• [WHAT TO PRODUCE]: Within the listing below, give again exactly the lines between the one containing "1,000-lb winch:4: 1" and the one containing "O estande da", inclusive, pictures left aside.

• [MATERIAL TO PROCESS]:
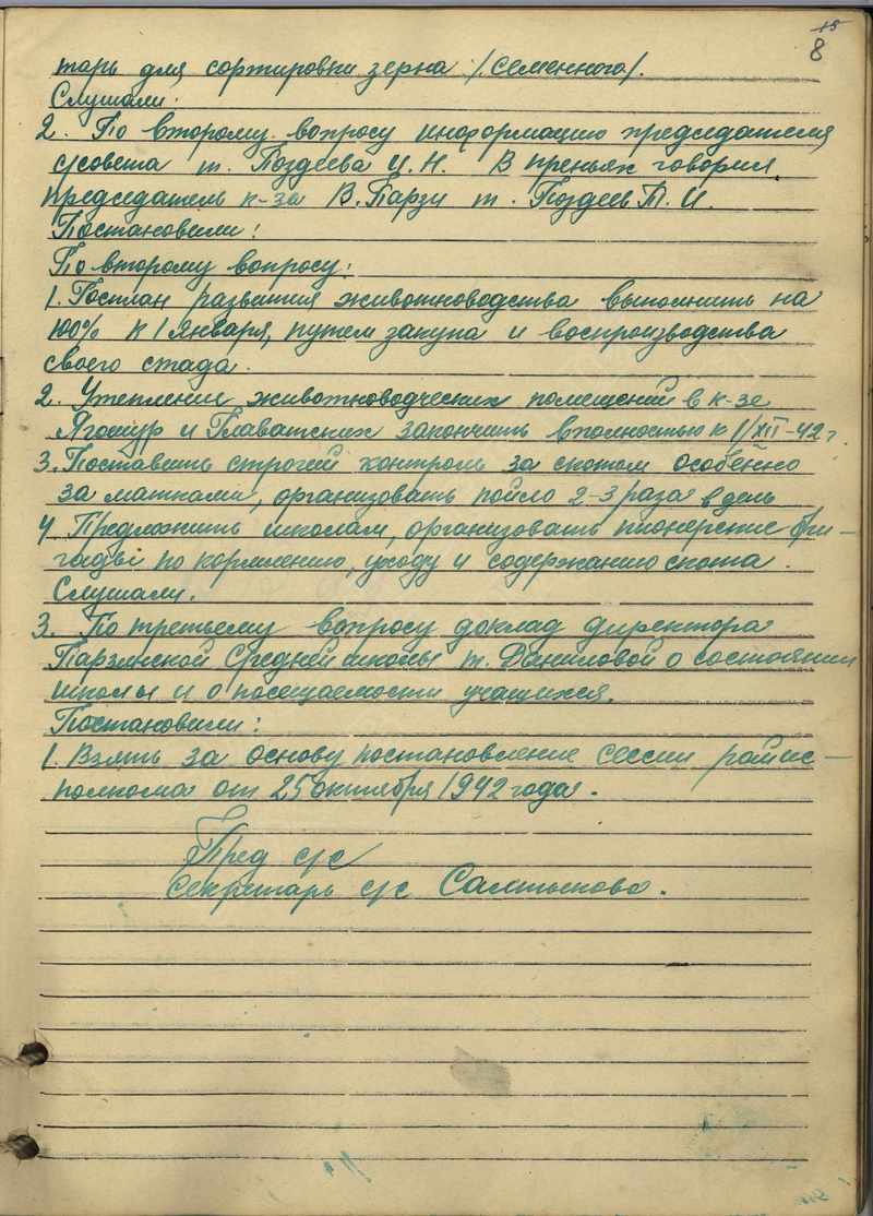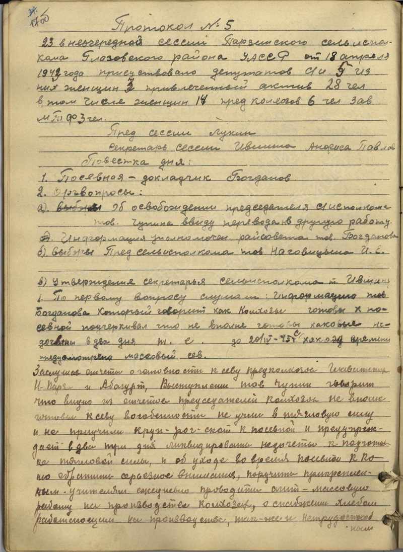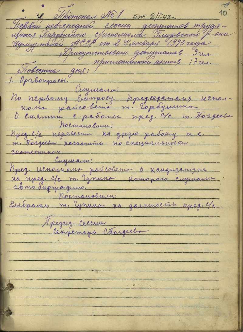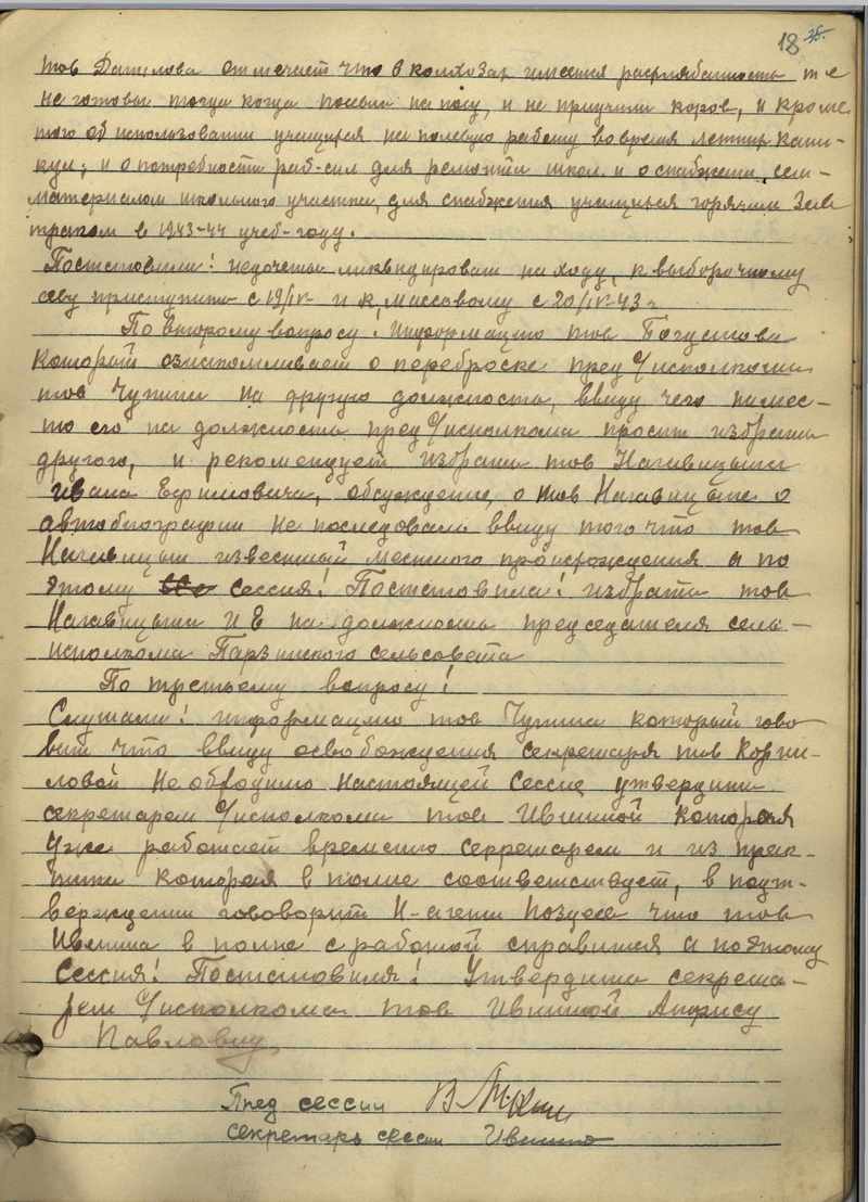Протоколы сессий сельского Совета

==

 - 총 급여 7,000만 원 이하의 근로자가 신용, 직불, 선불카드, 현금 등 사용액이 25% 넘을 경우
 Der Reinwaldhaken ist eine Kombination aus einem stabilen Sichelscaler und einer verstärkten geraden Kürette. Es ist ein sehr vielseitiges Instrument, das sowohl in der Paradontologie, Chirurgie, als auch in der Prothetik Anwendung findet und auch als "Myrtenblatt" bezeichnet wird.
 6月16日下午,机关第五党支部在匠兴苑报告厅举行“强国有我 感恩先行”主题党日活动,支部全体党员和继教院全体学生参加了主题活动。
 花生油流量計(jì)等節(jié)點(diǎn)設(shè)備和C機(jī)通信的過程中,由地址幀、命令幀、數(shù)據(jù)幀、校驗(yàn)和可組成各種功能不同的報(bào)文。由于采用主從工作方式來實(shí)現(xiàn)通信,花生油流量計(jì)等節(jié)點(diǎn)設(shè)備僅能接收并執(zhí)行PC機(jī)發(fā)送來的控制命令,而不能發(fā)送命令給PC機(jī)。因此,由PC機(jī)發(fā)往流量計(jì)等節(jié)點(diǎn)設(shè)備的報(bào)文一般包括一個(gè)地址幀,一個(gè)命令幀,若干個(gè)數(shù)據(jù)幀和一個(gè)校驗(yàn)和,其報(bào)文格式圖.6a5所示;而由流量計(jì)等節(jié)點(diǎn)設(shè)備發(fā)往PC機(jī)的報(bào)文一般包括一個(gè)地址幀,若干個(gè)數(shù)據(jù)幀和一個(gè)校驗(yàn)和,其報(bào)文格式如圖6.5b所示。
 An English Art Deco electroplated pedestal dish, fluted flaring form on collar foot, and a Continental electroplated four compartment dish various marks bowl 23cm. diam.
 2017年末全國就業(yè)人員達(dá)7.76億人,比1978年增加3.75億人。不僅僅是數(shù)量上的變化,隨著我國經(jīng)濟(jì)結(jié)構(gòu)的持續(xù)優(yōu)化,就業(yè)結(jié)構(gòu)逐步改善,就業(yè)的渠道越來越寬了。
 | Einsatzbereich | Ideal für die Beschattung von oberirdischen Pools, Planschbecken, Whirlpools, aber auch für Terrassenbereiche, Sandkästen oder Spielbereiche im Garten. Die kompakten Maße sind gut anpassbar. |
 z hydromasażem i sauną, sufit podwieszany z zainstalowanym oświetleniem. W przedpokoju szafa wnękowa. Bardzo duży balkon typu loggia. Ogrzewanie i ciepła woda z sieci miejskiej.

* * *

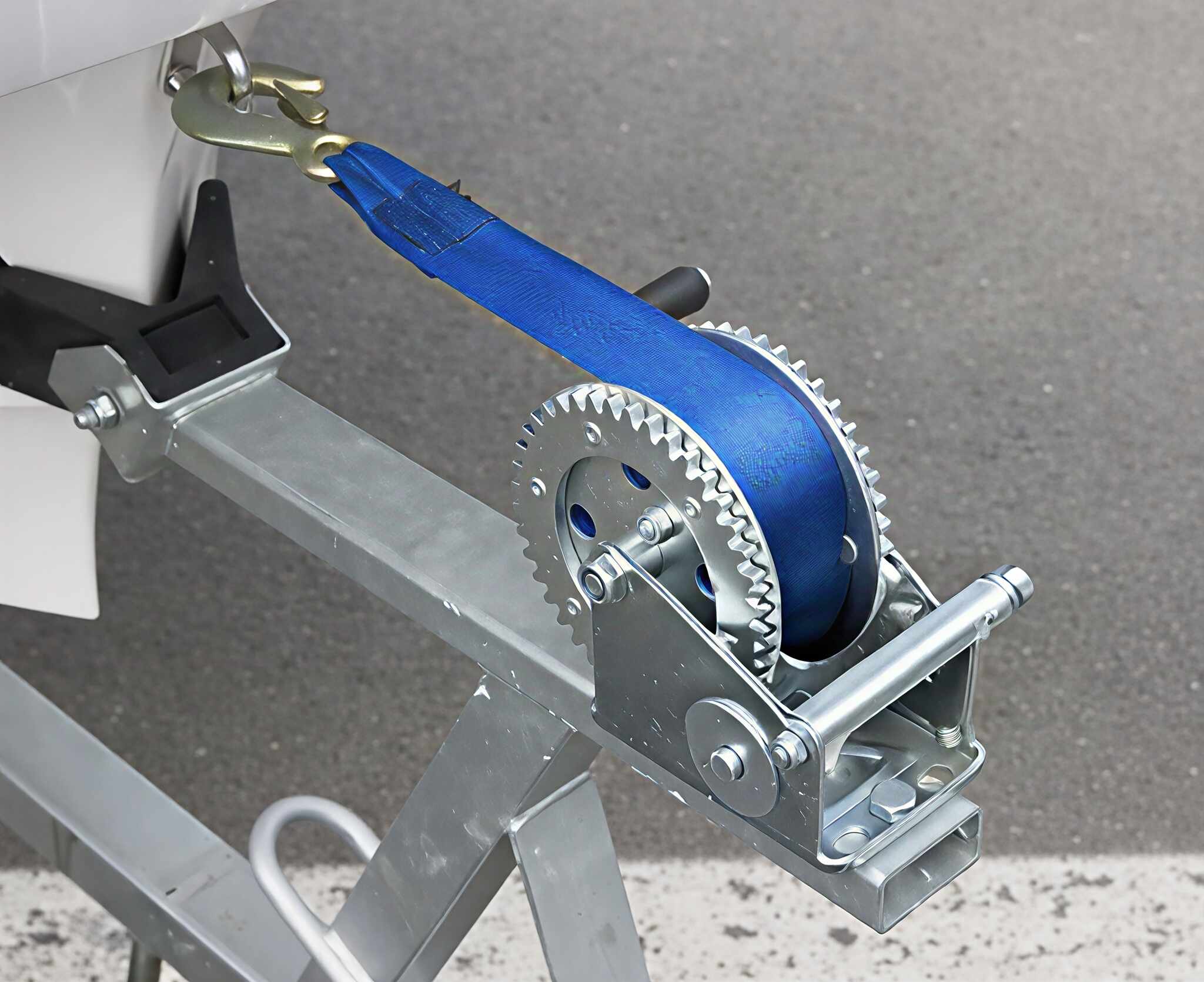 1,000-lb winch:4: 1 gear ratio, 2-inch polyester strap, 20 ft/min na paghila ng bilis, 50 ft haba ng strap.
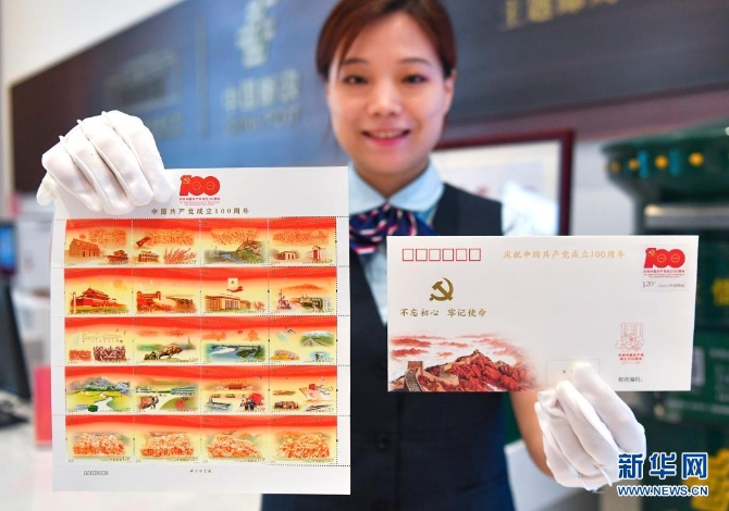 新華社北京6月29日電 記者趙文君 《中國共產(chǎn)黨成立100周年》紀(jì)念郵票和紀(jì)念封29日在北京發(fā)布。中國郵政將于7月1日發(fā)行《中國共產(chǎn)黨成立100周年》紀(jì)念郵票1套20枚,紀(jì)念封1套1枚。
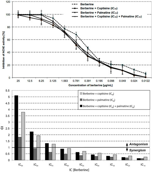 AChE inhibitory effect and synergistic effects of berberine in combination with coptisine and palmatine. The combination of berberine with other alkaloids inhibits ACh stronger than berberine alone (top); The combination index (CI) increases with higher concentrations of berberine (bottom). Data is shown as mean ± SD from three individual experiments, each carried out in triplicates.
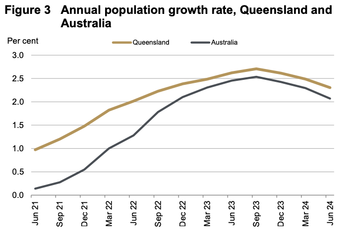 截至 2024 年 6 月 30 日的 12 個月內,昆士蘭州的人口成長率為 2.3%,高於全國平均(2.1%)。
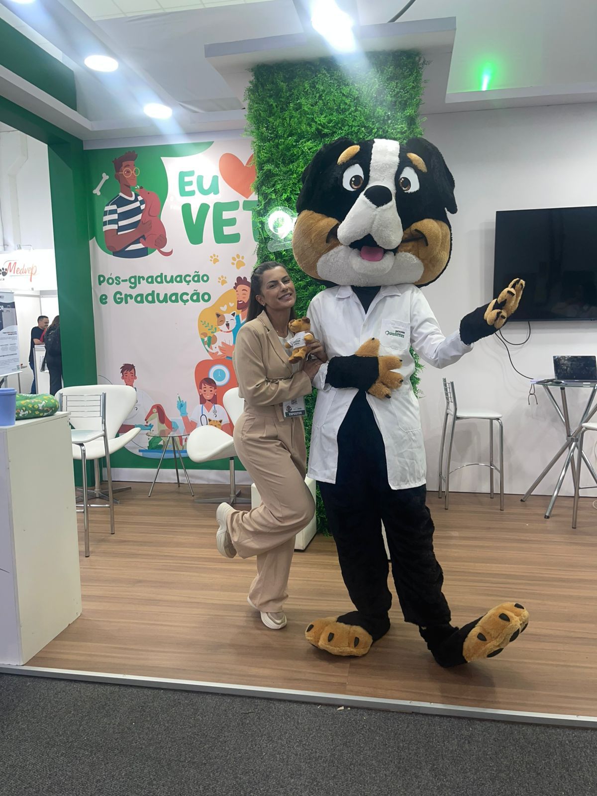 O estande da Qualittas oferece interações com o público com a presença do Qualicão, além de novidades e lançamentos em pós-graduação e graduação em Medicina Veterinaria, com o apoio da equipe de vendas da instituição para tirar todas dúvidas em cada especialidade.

• [SOLUTION FOR THIS TASK]:
 1,000-lb winch:4: 1 gear ratio, 2-inch polyester strap, 20 ft/min na paghila ng bilis, 50 ft haba ng strap.
 新華社北京6月29日電 記者趙文君 《中國共產(chǎn)黨成立100周年》紀(jì)念郵票和紀(jì)念封29日在北京發(fā)布。中國郵政將于7月1日發(fā)行《中國共產(chǎn)黨成立100周年》紀(jì)念郵票1套20枚,紀(jì)念封1套1枚。
 AChE inhibitory effect and synergistic effects of berberine in combination with coptisine and palmatine. The combination of berberine with other alkaloids inhibits ACh stronger than berberine alone (top); The combination index (CI) increases with higher concentrations of berberine (bottom). Data is shown as mean ± SD from three individual experiments, each carried out in triplicates.
 截至 2024 年 6 月 30 日的 12 個月內,昆士蘭州的人口成長率為 2.3%,高於全國平均(2.1%)。
 O estande da Qualittas oferece interações com o público com a presença do Qualicão, além de novidades e lançamentos em pós-graduação e graduação em Medicina Veterinaria, com o apoio da equipe de vendas da instituição para tirar todas dúvidas em cada especialidade.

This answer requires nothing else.